Background & aims: Histamine in the stomach traditionally is considered to regulate acid secretion but also has been reported to participate in macrophage differentiation, which plays an important role in tissue homeostasis. Therefore, this study aimed to uncover the precise role of histamine in mediating macrophage differentiation and in maintaining stomach homeostasis.
Methods: Here, we expand on this role using histidine decarboxylase knockout (Hdc-/-) mice with hypertrophic gastropathy. In-depth in vivo studies were performed in Hdc-/- mice, germ-free Hdc-/- mice, and bone-marrow-transplanted Hdc-/- mice. The stomach macrophage populations and function were characterized by flow cytometry. To identify stomach macrophages and find the new macrophage population, we performed single-cell RNA sequencing analysis on Hdc+/+ and Hdc-/- stomach tissues.
Results: Single-cell RNA sequencing and flow cytometry of the stomach cells of Hdc-/- mice showed alterations in the ratios of 3 distinct tissue macrophage populations (F4/80+Il1bhigh, F4/80+CD93+, and F4/80-MHC class IIhighCD74high). Tissue macrophages of the stomachs of Hdc-/- mice showed impaired phagocytic activity, increasing the bacterial burden of the stomach and attenuating hypertrophic gastropathy in germ-free Hdc-/- mice.
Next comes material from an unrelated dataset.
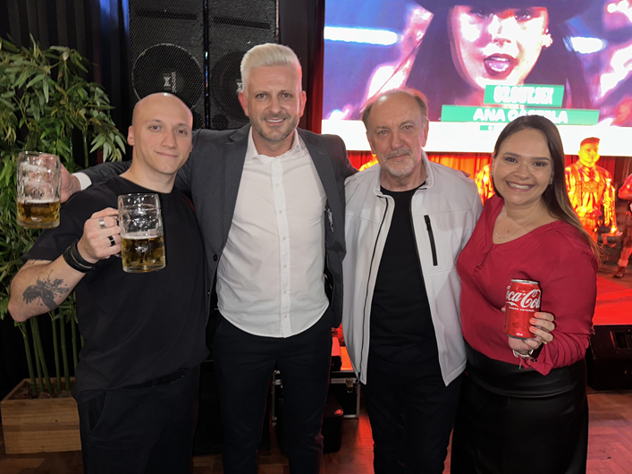 Vinicius Silva Tosca, Ricardo Bartz, Lauri Schoenherr e Sinara Oliveira, no anúncio dos shows da 38ª Oktoberfest de Santa Cruz do Sul e da cervejaria oficial

The transplantation of bone marrow cells of Hdc+/+ mice to Hdc-/- mice recovered the normal differentiation of stomach macrophages and relieved the hypertrophic gastropathy of Hdc-/- mice.
Conclusions: This study showed the importance of histamine signaling in tissue macrophage differentiation and maintenance of gastric homeostasis through the suppression of bacterial overgrowth in the stomach.
Keywords: Histidine Decarboxylase; Hypertrophic Gastropathy; Macrophage; Stomach.